During 2009 LSC’s fleet decommissioned 7 ships and has over the same period re-focussed most of the business on the time charter market – away from the more volatile short term spot market. This has resulted in a significant reduction in revenue because daily rates have gone down, there are less ships and also less spot contracts, which allows LSC to be less exposed to the volatile and rising price of fuel.

Over the past 9 months LSC has made significant progress - the company has managed to maintain gross profit margin (9 M 2010 –14.4 million LVL; 9 M 2011 – 14.3 million LVL) with substantially fewer ships operating. Also there are now no middle men any longer taking any margin from the LSC.

Because LSC has fewer older ships it has managed to streamline many costs associated with managing the fleet which is demonstrated by the reduction in net income losses (pre-exceptionals) from 2010 (9 M 2010 – 13.8 million LVL) versus 2011 (9 M 2011 – 8.8 million LVL).

Significant additional admin expenses were experienced in 2010 versus 2011 in remunerating the Board – a cost that has been reduced significantly in 2011 by 5 million lats. In 2011 most of LSC admin expenses relate to legal expenses in relation to previous management’s actions.

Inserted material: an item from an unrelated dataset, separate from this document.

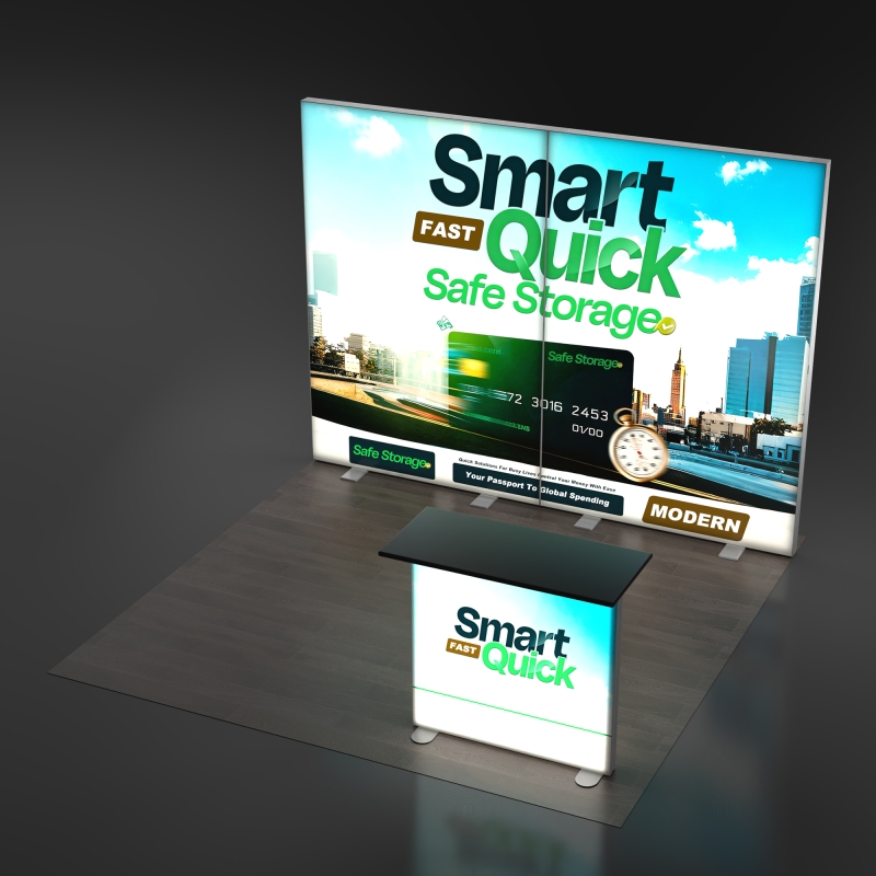Engineered for exhibitors who want a portable yet premium display, this booth features magnetic connections and tool-free folding frames that allow one person to assemble the entire structure quickly. Each component can be used individually for smaller events or combined for a full 10x10 layout, making the system reusable across multiple shows. Lightweight, travel-friendly and easy to refresh with new SEG graphics, this wide-panel lightbox booth offers a professional illuminated presence that helps your brand stand out in any trade show environment.

A major highlight for Q3 2011 was the LVL 6.4 million impairment charge suffered by LSC. This is mainly due to the covenants of LSC’s bank lenders which have requested LSC to maintain a minimum cash balance. Due to LSC falling cash balances the lending banks have requested the company to sell 3 of the oldest K class vessels which LSC is currently actively pursuing. The impairment charge therefore arises due to an accounting rule which demands LSC recognise a valuation loss on assets that are now held for re-sale – not held on a long term trading basis. Therefore LSC is obliged to recognise such a non-cash loss in Q3 of 2011, a direct result of maintaining a minimum cash position with LSC’s lending banks.

Most recently LSC has taken delivery of 2 new ships in June and July this year which have been contracted out on long term contracts - 2011 was not an ideal time to be taking on new ships however these two ships were ordered back in 2007 by the previous management and significant deposits were paid at the inception and during their build. Therefore LSC was economically obliged to complete these purchases.

For LSC 2011 has been significant in contracting out most of its ships on long term contracts which made them much more predictable as revenue earners.